Billions of underserved healthcare customers rise to demand their share in the new wave of pharmaceutical products. While in the West the population ages, and people double their prescription medicine consumption every 20 months through the last 7 years of their lives.
Extensive innovation is called for both in the effort to come up with new drugs, and in the effort to manufacture the growing number of generic drugs in such cost effective way that the poorest will afford them -- and doing all that while keeping the pharmaceutical industry thriving.
To meet this challenge, having applied the InnovationSP methodology, the resulting conclusions are surprising:
AI stands to disrupt Big Pharma. The innovation bottleneck for new drug development is the large number of promising yet eventually disappointing molecular candidates for new medicines. AI, using ever smarter inference engines (e.g. BiPSA) will zero in on high-probability candidates. Such smart inference engines are a brain child of smart and creative individuals that work in small startups, not in big pharma.
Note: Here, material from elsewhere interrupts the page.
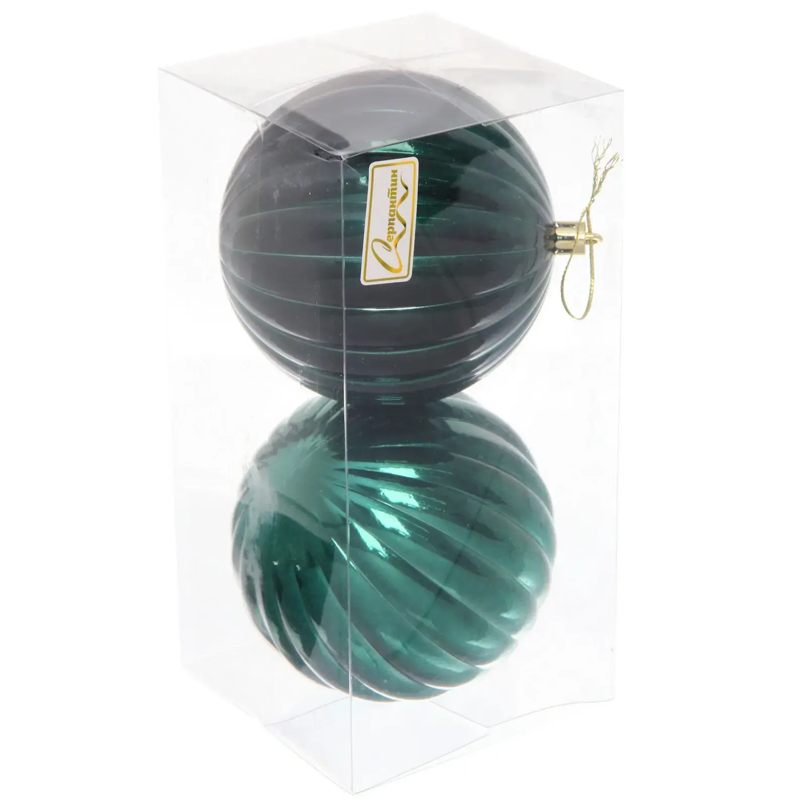 Точный размер каждого шара - 10см в диаметре. Комплект состоит из двух изделий: один темно-изумрудного цвета, второй - более светлого оттенка, что позволяет создать красивую цветовую композицию.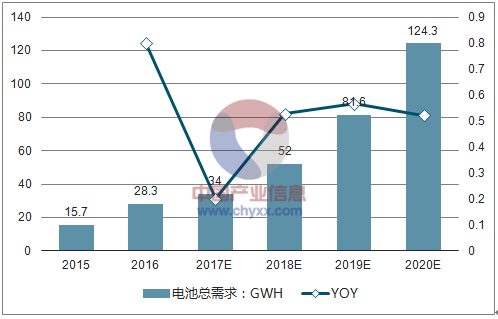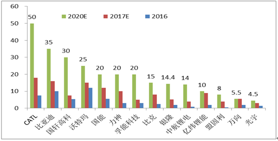 近兩年動力電池企業(yè)紛紛快速擴張產能。政策方面,國家頒布的《促進汽車動力電池產業(yè)發(fā)展行動方案》(2017.3)明確要求到2020 年動力電池行業(yè)總產能超過1000 億瓦時,形成產銷規(guī)模在400 億瓦時以上、具有國際競爭力的龍頭企業(yè)。2016 年新能源車產銷量約52 萬輛,同比增長約52%,對應動力電池需求約為28.3GWh;2017 年新能源汽車產銷量估計可實現70 萬輛以上(同比增長35%以上),則動力電池總需求量預計將達34.0GWh(同比增長約20%); 如按國家規(guī)劃目標2020 年新能源汽車產銷量200 萬輛,預計2020 年動力電池市場總需求為124.3GWh,相當二2016 年的4.4 倍。假設按平均1.0 元/Wh 進行測算,2020 年國內車用動力鋰電池市場規(guī)模約為1243億元,為2016 年的2.1 倍左右。

Such startups have joined with human testing facilities in the developing world where the regulatory climate is easier, and will then auction off their products to big pharma that will be left to package, promote and market the new medicine.
On the production front, we see dramatic innovation in multi-use material engineering facilities, ground breaking chemical processing that can operate on a small scale and undercut the cost of traditional industrial construction. E.g. a new US patent (11,745,153) creates super accurate versatile mixing, pipe-reactors, while it operates on new principles for phase and ingredient separation.
Here too, small startups are being set up to serve the underserved healthcare customers community.
More than any time in the past, the pharmaceutical industry stands to benefot from application of the InnovationSP platform, to meet the mounting challenges ahead.